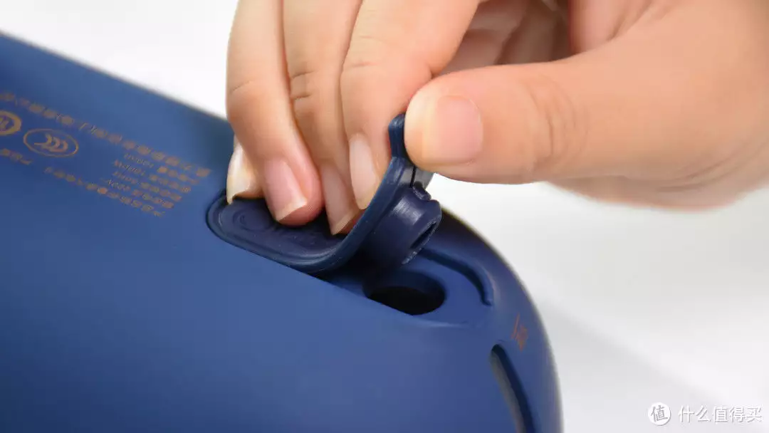 水箱内置在机身当中,容量是100ml,打开橡胶塞就可以加水。从旁边的透明视窗可以看到水位线,切记不可超过“满水”刻度线。如果担心加水太多容易溢出的话,可以用附送的水杯加水,有90ml和100ml两档刻度,方便把控水量。
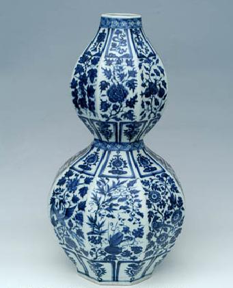 仿元青花花卉草蟲(chóng)紋八方葫蘆瓶
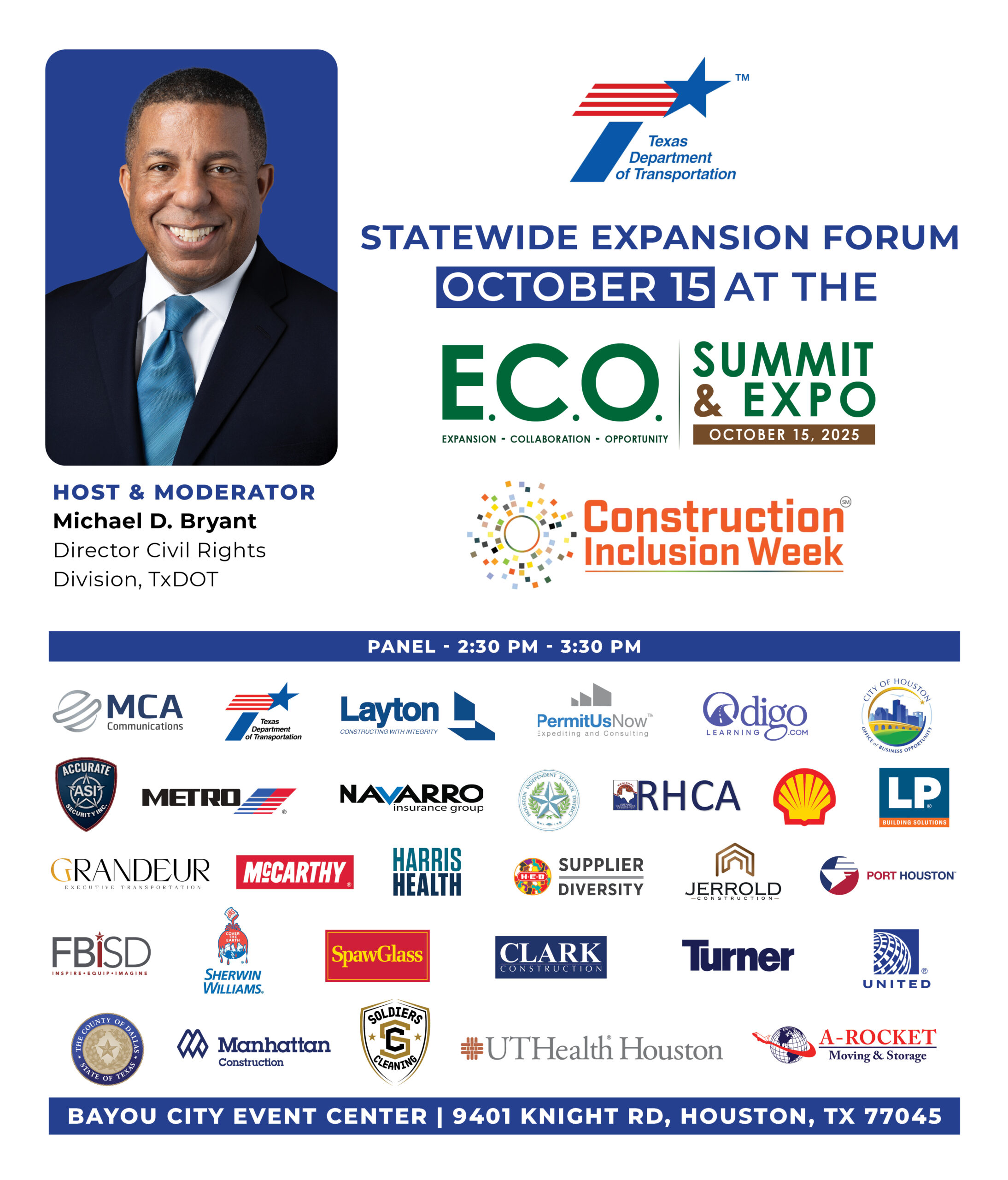 The ECO Summit & Expo will be filled with informative panels and workshops, plus the opportunity to forge meaningful connections with vendors, organizations, prime contractors, and subcontractors. This statewide expo will host over 70 vendor booths, stage talks with agencies and primes, and opportunities to meet primes/GCs/agencies
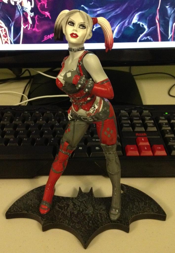 Opened my Arkham City Harley Quinn statue, and it is everything I hoped for (except alive and full size, but that's a different fantasy...jut forget I said anything). Some quick pics of her to show her off, I'll take pics in the lightbox in a couple of days. Maybe I'll get some camera instruction before i do and borrow my dad's camera.
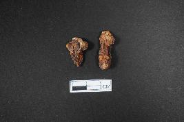 | Description / विवरण | These are fragments of iron nails. There are two nails of different sizes. The nail heads are intact. The tip of the bigger fragment is broken. They are extremely fragile. They are fully rusted. They have corroded rough surfaces. |
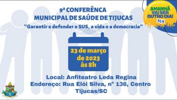 Com o tema “Garantir e defender o SUS, a vida e a democracia”, acontece no dia 23 de março, uma quinta-feira, a 9ª Conferência Municipal de Saúde de Tijucas. O encontro será realizado no Anfiteatro Leda Regina de Souza, das 8h às 17h, com intervalo para almoço.
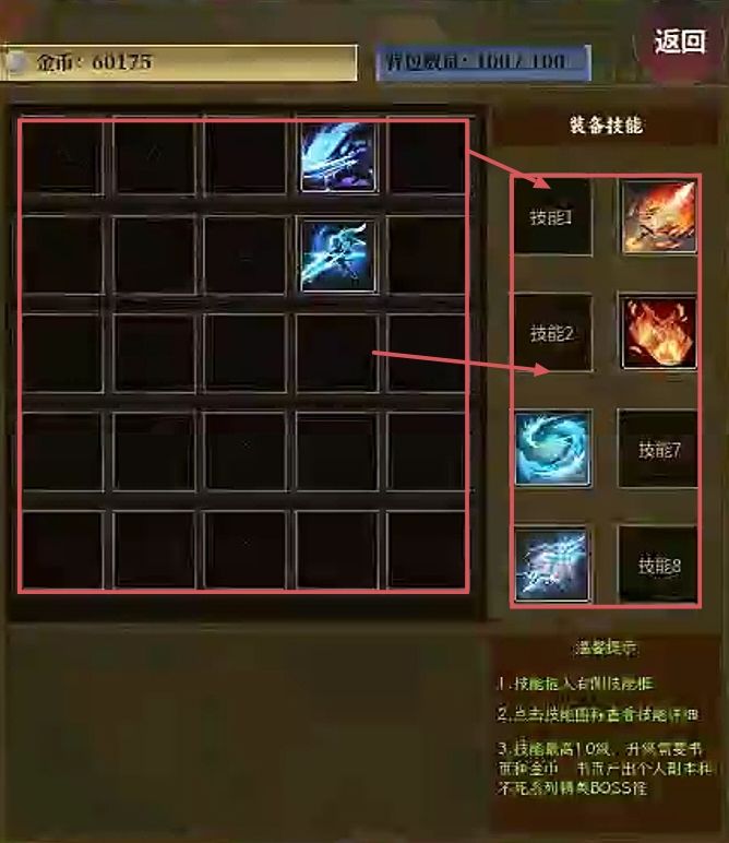 1.开局先加群,群里有新手礼包! 2.打开新手礼包3,打开背包把技能都学了,然后在背包技能栏里装配技能,看图!4.带上装备出门砍🐔,无等级之说,已经是最高等级!这游戏就是砍怪获取装备,装备看属性,品质无所谓!好的品质也就基础属性高一点, 白色装备也出好的属性词条!5.等到有100多攻击攻击几十防御的时候,就可以往地图上方走传送到中洲城,不会的去的看地图,到了中洲城先去安全区一下,不然回城就
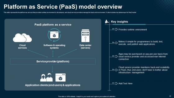 This slide represents the platform as service that provides runtime environment to developers, and cloud service providers manage the back-end environment. It also includes key takeaways for PaaS model. Slidegeeks has constructed Platform As Service PaaS Model Overview Application Areas Of Mobile Cloud Computing after conducting extensive research and examination. These presentation templates are constantly being generated and modified based on user preferences and critiques from editors. Here, you will find the most attractive templates for a range of purposes while taking into account ratings and remarks from users regarding the content. This is an excellent jumping-off point to explore our content and will give new users an insight into our top-notch PowerPoint Templates. This slide represents the platform as service that provides runtime environment to developers, and cloud service providers manage the back-end environment. It also includes key takeaways for PaaS model
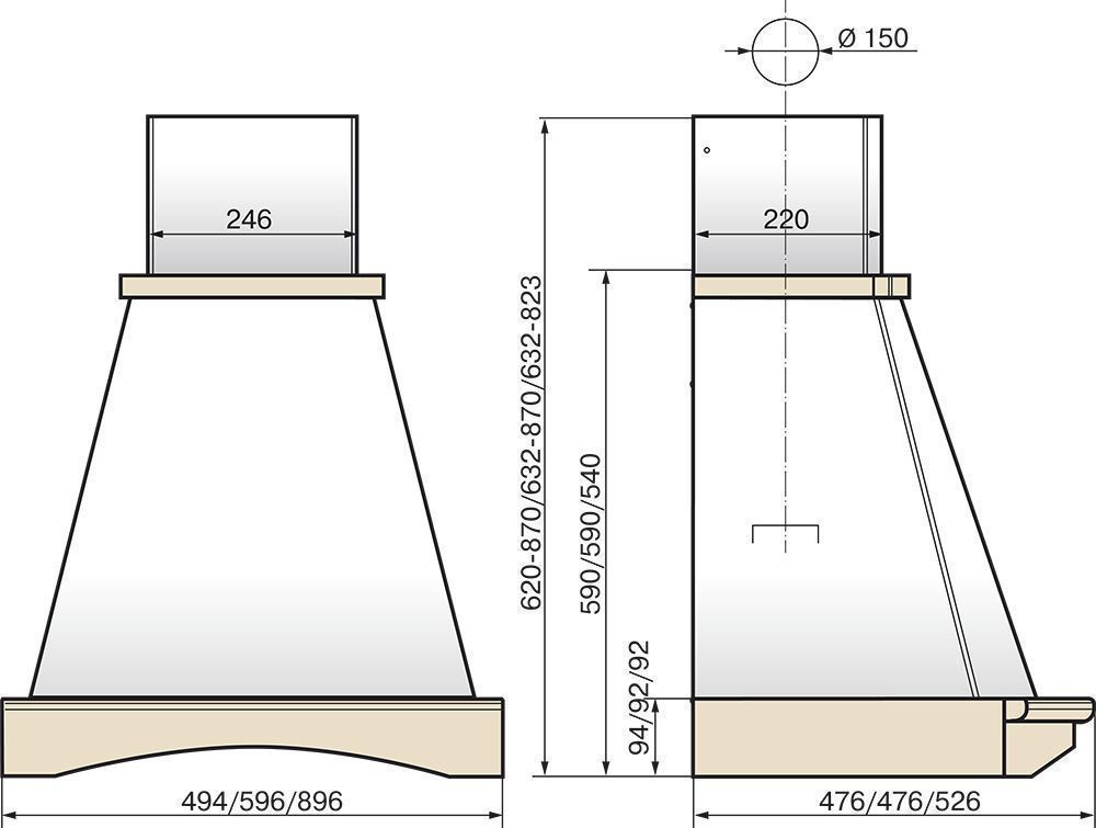 Вытяжка каминная Elikor Ротонда 60П-650-П3Л бежевый/дуб коричневый управление: ползунковое (1 мотор)
- - -
About this exercise: With the pictures left out, restate word for word every line of the data above, from the first down to the line that contains "仿元青花花卉草蟲(chóng)紋八方葫蘆瓶".

Your response:
 水箱内置在机身当中,容量是100ml,打开橡胶塞就可以加水。从旁边的透明视窗可以看到水位线,切记不可超过“满水”刻度线。如果担心加水太多容易溢出的话,可以用附送的水杯加水,有90ml和100ml两档刻度,方便把控水量。
 仿元青花花卉草蟲(chóng)紋八方葫蘆瓶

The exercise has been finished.